Author: Xiao yaya
As a member of aikesheng DBA team, he is responsible for solving database faults and platform problems in the project, and has a special liking for database high availability and distributed technology.
Source: original contribution
*It is produced by aikesheng open source community. The original content cannot be used without authorization. For reprint, please contact Xiaobian and indicate the source.
When verifying the application docking function, the customer’s dble test environment found that a function failed to produce results for a long time and reported an error of timeout. It is learned from the customer that this error will appear when the function fails to obtain the back-end data return at a given time.
The current dble version is 2.19.07.3 and the database version is mysql-5.7.25. The two tables cusvaa and cusm involved in business SQL are split tables, with data volumes of 67 and 7600W respectively; The join condition is the stringhash used by the fragmentation key and fragmentation rules. It is divided into 8 slices, each with a length of 10. After the customer engineer fed back the above situation, he asked me a question: “the association condition is the fragmentation key, and the fragmentation rules are the same. Why is the execution efficiency so slow?”

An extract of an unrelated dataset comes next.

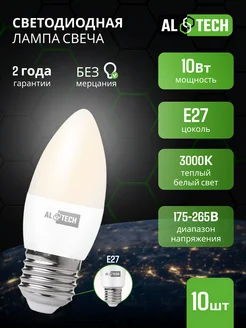Лампочки светодиодные E27 10Вт 3000K теплый свет, свеча 10шт

With the customer’s questions, the problem investigation began. The SQL that should be executed for this function at that time is as follows:
When I see this screenshot, my first hunch is that the execution time is too long. Is the fragment key condition of join invalid? Then asked the customer for an implementation plan.
The SQL execution plan at dble layer is as follows:
After obtaining this information, we can basically confirm that the partition key has no effect. In the execution plan, it can be clearly seen that dble splits and distributes SQL to each partition, obtains and sorts all data from the partition, and then performs merge and join operations in the dble middle layer.

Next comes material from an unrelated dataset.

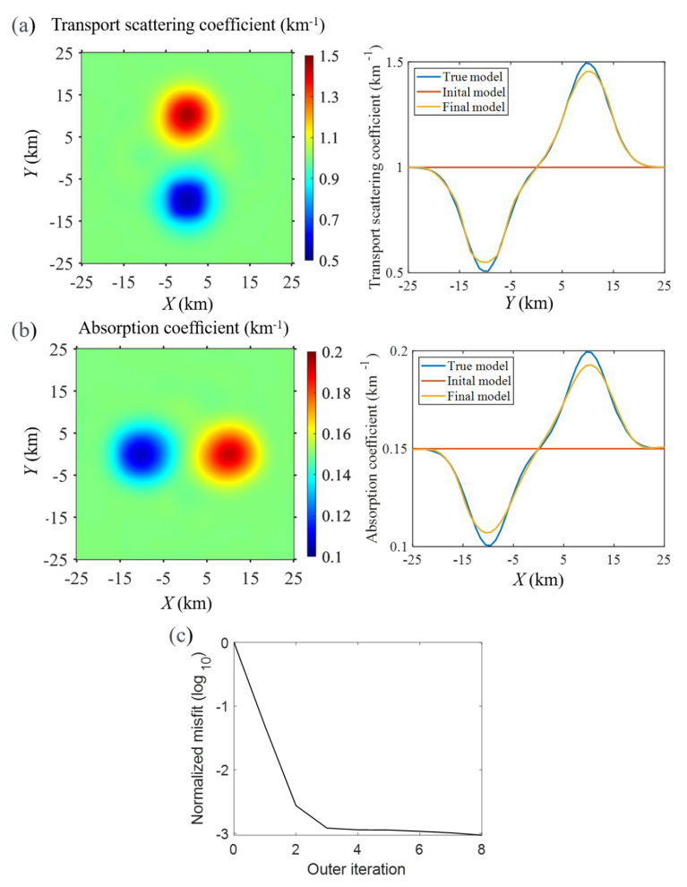 图2 高斯异常模型的传输散射系数(a)和吸收系数(b)的同时反演结果。在反演过程中使用了满足频率选择准则的0.008 Hz、0.01 Hz和0.012 Hz等频率的能量数据;(a)和(b)的右侧分别展示了穿过异常区域中心的剖面图;(c)为反演过程的收敛曲线

Normally, SQL should be distributed to each partition, and the execution results of each partition should be returned to dble for merge operation directly.
Thinking of the same splitting rule stringhash that the customer said, I couldn’t help muttering. Does the customer configure hashslice? The customer was then asked to provide the dble configuration file.
Seeing the rule.xml file provided by the customer, I really verified my conjecture. Although the same sharding rule stringhash is used, the specific sharding function configuration is different, which is clearly two sharding rules.
After that, the customer and business development confirmed the value range of the fragmentation key and adjusted the fragmentation function. As follows:
After adjustment, load dynamically to make the configuration effective. View the SQL execution plan again:
After seeing the execution plan, confirm that the current partition key works, and then ask the customer to verify the function again. The result is also responded in seconds.
For function configuration of stringhash, not only partitionlength  and partitioncount  arrays need to be defined, but also hashslice binary needs to be configured. During SQL parsing and routing, dble will judge all the contents of the sharding rules. Only the SQL with the same sharding rules will be directly distributed to each shard. After the calculation results are returned to the dble layer for merge operation. On the contrary, it is necessary to retrieve all the data from the shard to the dble layer for merge and join operation. When dealing with the slow execution of SQL in dble environment, we should not only obtain the execution of SQL, but also confirm whether the description provided by the customer is consistent with the actual situation.